Hi Billy,
The underlying methodologies of salmon and sailfish are significantly different. The mapping % reported by salmon is a true mapping percentage based on the underlying fragments (i.e. reads, or read pairs in the case of paired-end data). The mapping % reported by sailfish is a (highly-conservative) estimate of the mapping rate that is based on extrapolating the fraction of mapping k-mers to fragments. This is almost always a vast under-estimate of the "effective" mapping rate (this is a calculation that we've been meaning to change for a while and we'll probably get around to it very soon --- as soon as the salmon pre-print is out). This means that the amount of information being used by sailfish is likely substantially more than is indicated by the reported mapping %.

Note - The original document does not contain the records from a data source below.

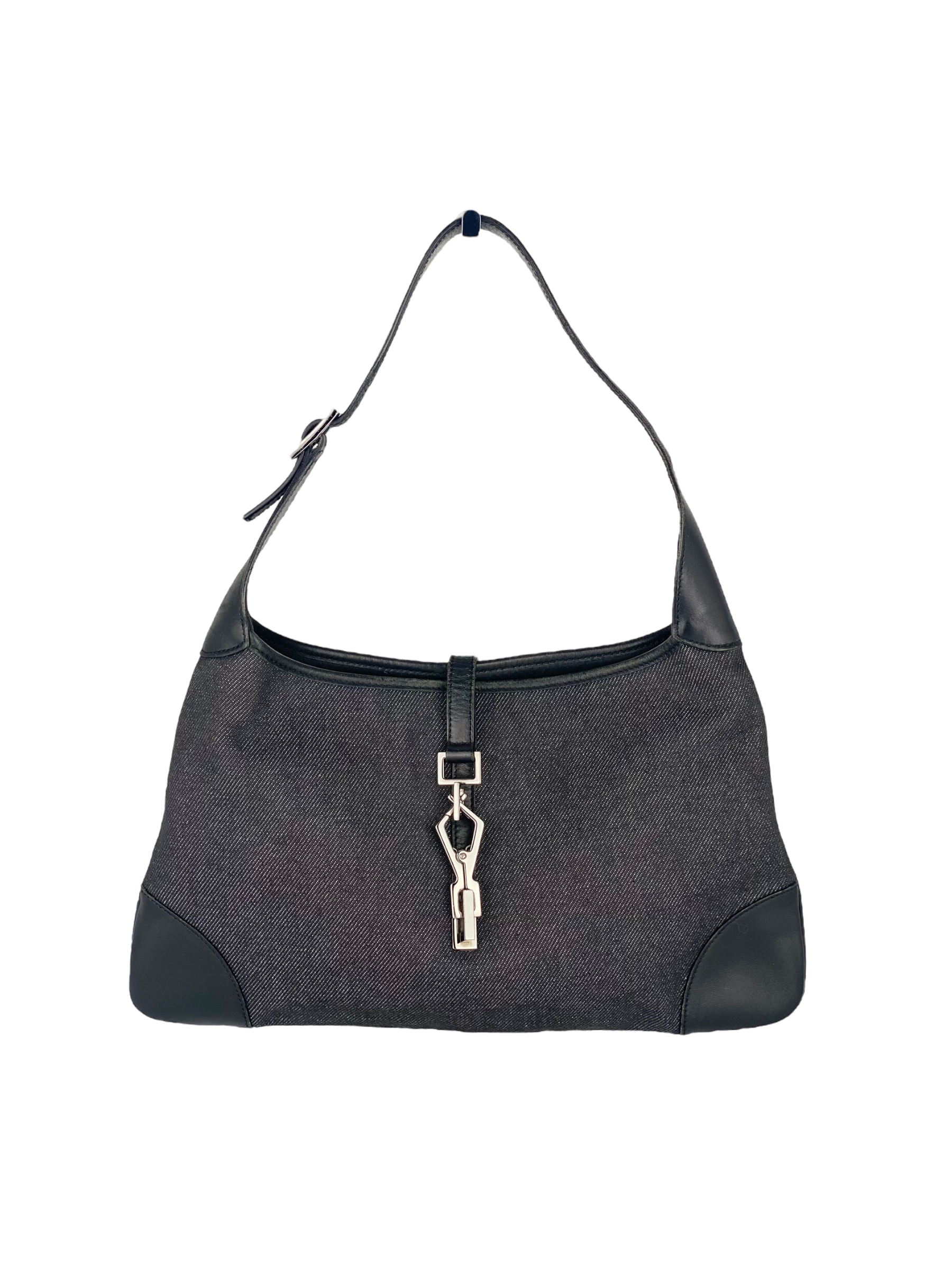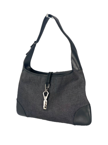Sac Jackie Gucci vintage confectionné en toile façon demin, cuir noir et finitions en métal argenté. Il est doté d’une anse pour un porté main ou à l’épaule. Modèle iconique et intemporel de la Maison Gucci. Un must-have à avoir dans son dressing pour les amateurs de vintage.
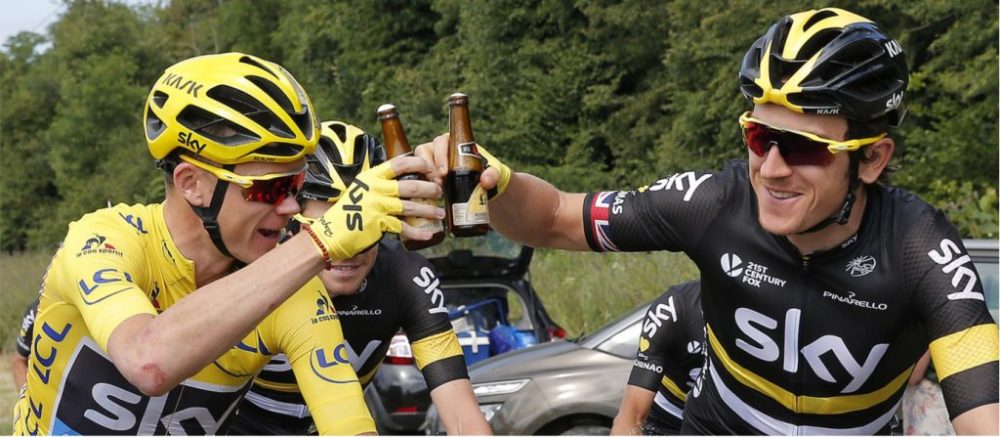 Team Sky with a celebratory beer. Image obtained from welovecycling.com
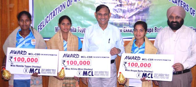 Mahanadi Coalfields Limited (MCL) today felicitated four woman hockey players of Odisha for helping India win the bronze medal in the Junior Women Hockey World Cup last year in Germany.Read More..
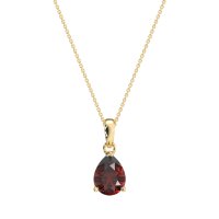 This Garnet Classic Necklace is casted in 14k Yellow Gold. We use only exceptionally fine gemstones, truly on par with those found in the world's most exclusive boutiques and representing the top 10% available globally. This Simple Yet Refined Pendant Features A Single, Pear-shaped Stone in A Solitaire Setting. You'll get a complimentary 18-inch chain with every necklace. Plus, enjoy a 30-day, hassle-free return policy (we even cover return shipping!) and a Lifetime Warranty for peace of mind.
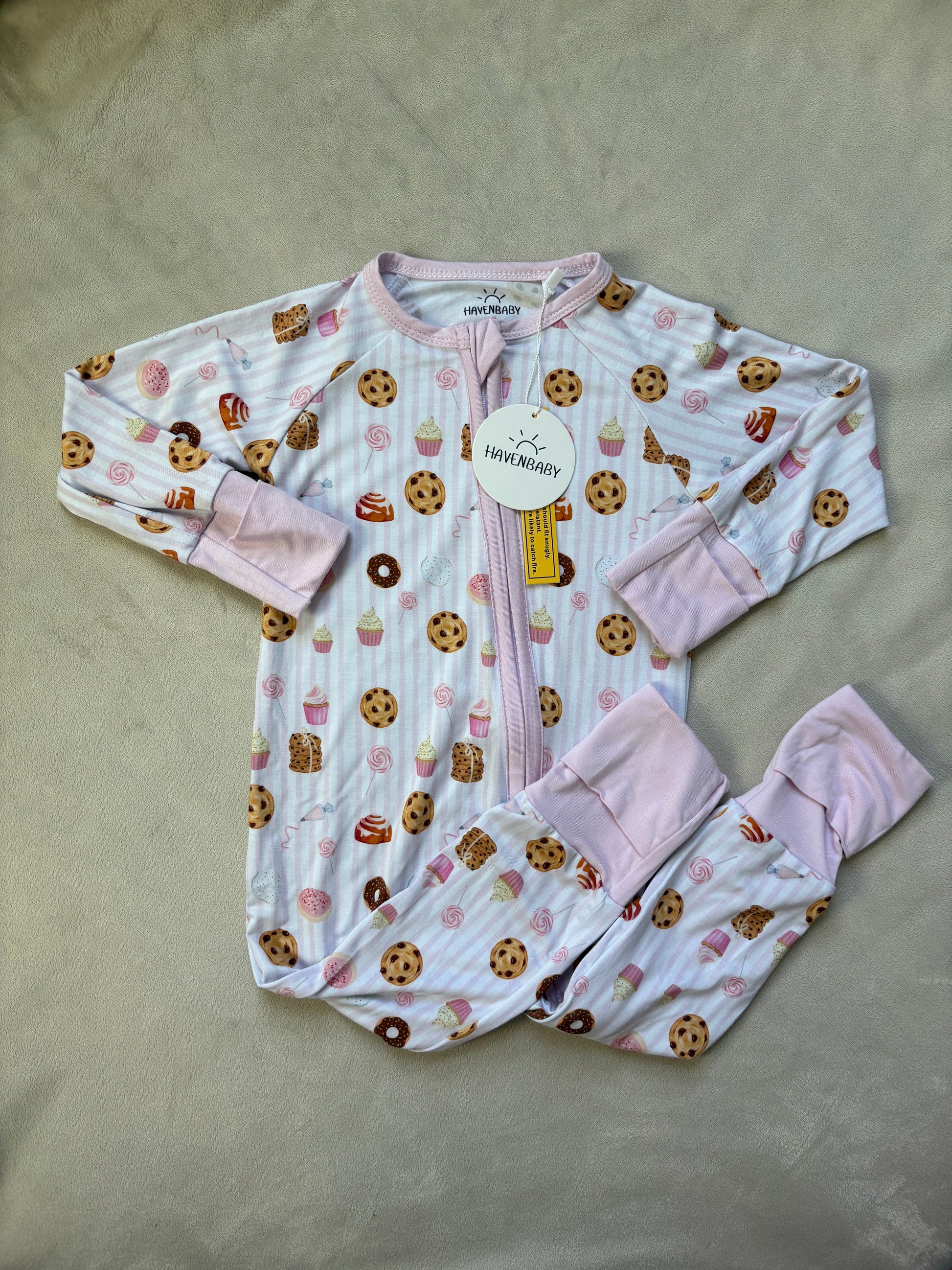 YUM! Just don't eat the baby. They will look so scrumptious in our adorable Sweet Treats Bamboo Romper. This pink stripe perfection has the yummiest treats - cookies, cinnamon rolls, doughnuts, cupcakes, icing, yum yum! This romper features our ultra soft bamboo fabric as well as:

However, that being said, we've developed salmon because we believe the underlying approach and methodology improves upon that of sailfish (e.g. as you mention, the -c and -k parameters, enabled by our novel approach to lightweight-alignment, provide a level of versatility not possible in sailfish). We plan to have a pre-print for salmon out very soon. However, for the time being, you can cite the Sailfish paper and mention the tool along the lines of "quantification was performed with Salmon (the successor to Sailfish [cite SF paper])". This is what we've done so far in pre-prints and manuscripts of ours that make use of salmon.